天使ニアさん 撮影/北村史成
天使ニアさん 撮影/北村史成
【写真】まさに王子様!金髪姿のニアさん

 ホストクラブは、もっとも男女のすれ違いが生じやすい社交場なのかもしれない。

 彼女がホストとしてのキャリアを歩み始めたのは、約2年前。それまでは、男装をした女性キャストが接客をするコンセプトカフェ(以下、コンカフェ)で、オーナー兼スタッフとして働いていたという。

ホストクラブのSNSにDMを送り直談判

大学時代にアルバイトで男装のコンカフェ嬢を始めて、大学を卒業してからは“自分の店を持つ”という目標を持って働いていたんです。3年ほどでその目標を達成し、最終的には2店舗のコンカフェを経営していました。楽しい仕事でしたが、コンカフェの世界における自分なりのゴールを達成してしまったんです

 目標を失い、次の人生を考えたときに思いついたのが“ホストへの転身”だった。

ホストを目指した理由は“楽しそう! やってみたい!”という好奇心からでした。接客も好きだし、お酒を飲むのも好き。そして、常に目標があって、毎月ナンバーワンを競っているという実力主義のシステムにも興味があったんです。コンカフェの場合、店や個人の売り上げを気にしているのは店長やオーナーだけで、キャストはあまり意識する機会がないんです。競争もないし、平和な環境ですが、僕には刺激が足りませんでしたね」

 そうして28歳でホストを志したものの、業界のツテは皆無。そもそも、女性ホストになれるのかどうかもわからなかった。そこで彼女は、人気ホストクラブを多数運営する冬月グループのTwitter(現:X)アカウントに、入店を希望するDMを直接送り、直談判したという。

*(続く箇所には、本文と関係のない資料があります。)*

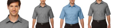 55% cotton, 45% polyester with stain-release; Extra stitching at seams and buttons; Flat-felled seam finishing; Wrinkle-Resistant; Short-sleeves; Full back yoke and back pleat; Button-down collar and left-chest pocket;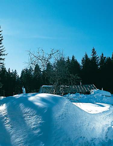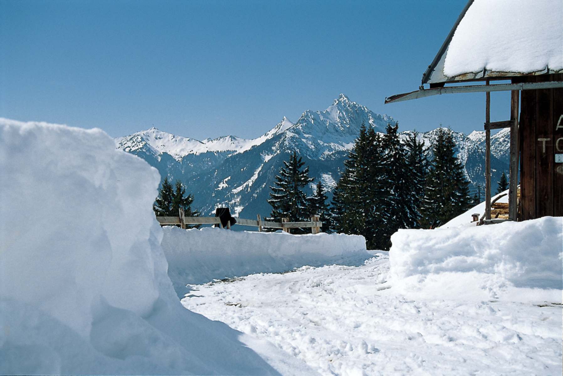 Reuttener Aussichtsloge mit Pfiff: In einer begnadeten Lage auf einer Lichtung unter den bewaldeten Sattelköpfen lädt die Dürrebergalm die Touristen, vor allem aber auch die Einheimischen, zu einer beschaulichen Schneewanderung hoch über dem Reuttener Talkessel.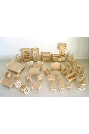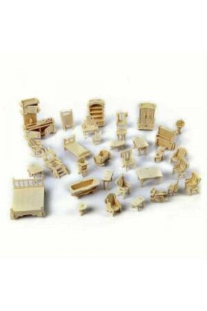 النماذج المعدنية المعدنية من طراز MNZ-MINIATURE WOODEN HOUSE ROOM ITEM MODELS 184 PICES منتج يأتي إليك في 4 لوحات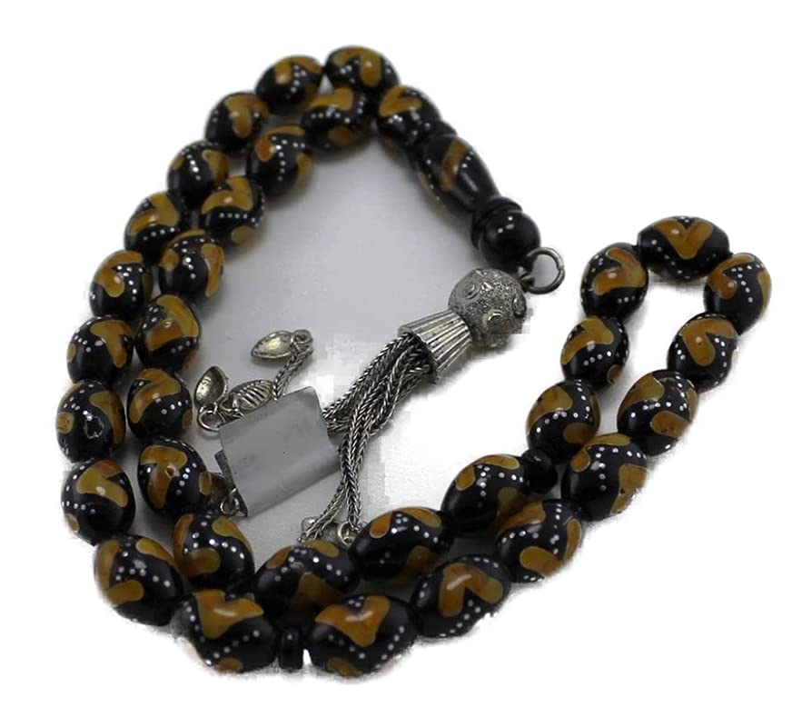 JAZZEEL - سبحة طبخ من جازيل بلون كهرماني وفضي - مسبحة من خشب الكوكا بوزن 45 غرام تتميز بخرز بلون كهرماني ولمسات فضية، اكسسوار صلاة فاخر ومثقل للرجال

「とにかく聞いてみなければ何も始まらないですよね。その後、面接に呼ばれて採用され、すぐにホストとして働き始めました」

 友人たちに「ホストになる」と告げたところ「女でもホストになれるんだ! でも、ニアなら大丈夫そうだね」と太鼓判をもらったそうだ。

「当時、僕はホスト業界に対して“楽しそう”という印象と、昔ドキュメンタリー番組で見た過酷なイメージしか持っていませんでした。『売れなかったら先輩に罵倒されるのかな』なんて思っていましたが、みんな優しくて逆に拍子抜けしましたね。選んだお店がよかったのかもしれませんが、想像の100倍はクリーンな世界でした。とはいえ、あまり寝られなかったり、どんなに二日酔いでも営業中はお酒を飲まなければならないなど、体力的にキツい場面はもちろんあります」

 決してラクして稼げる仕事ではない、とニアさんは強調する。

女性ホストに対する反応も人それぞれでした。何も知らないお客さんの席について話を始めると、声が男性よりも高いので女の子だとバレるんです。性別を尋ねられて、正直に女性だと伝えると『女の子ホストいいね!』という好意的な人と『男の子だったら推したんだけどな〜』と残念がる人は半々でした。正直、ほとんどの姫から『女の子のホストは嫌だ』と拒否される覚悟もあったので、受け入れてくれる子の多さにも驚きました」

 うれしい誤算とともに、コンカフェで磨いた接客術と話術を持つ彼女は、ホストとして頭角を現していく。気づけば'23年12月には、グループ全体での月間売り上げナンバーワンに輝いていた。そして今年2月から、新店舗の「Blue Rose」で女性ホスト初の“代表”に就任。わずか2年で、業界の常識を覆し続けている。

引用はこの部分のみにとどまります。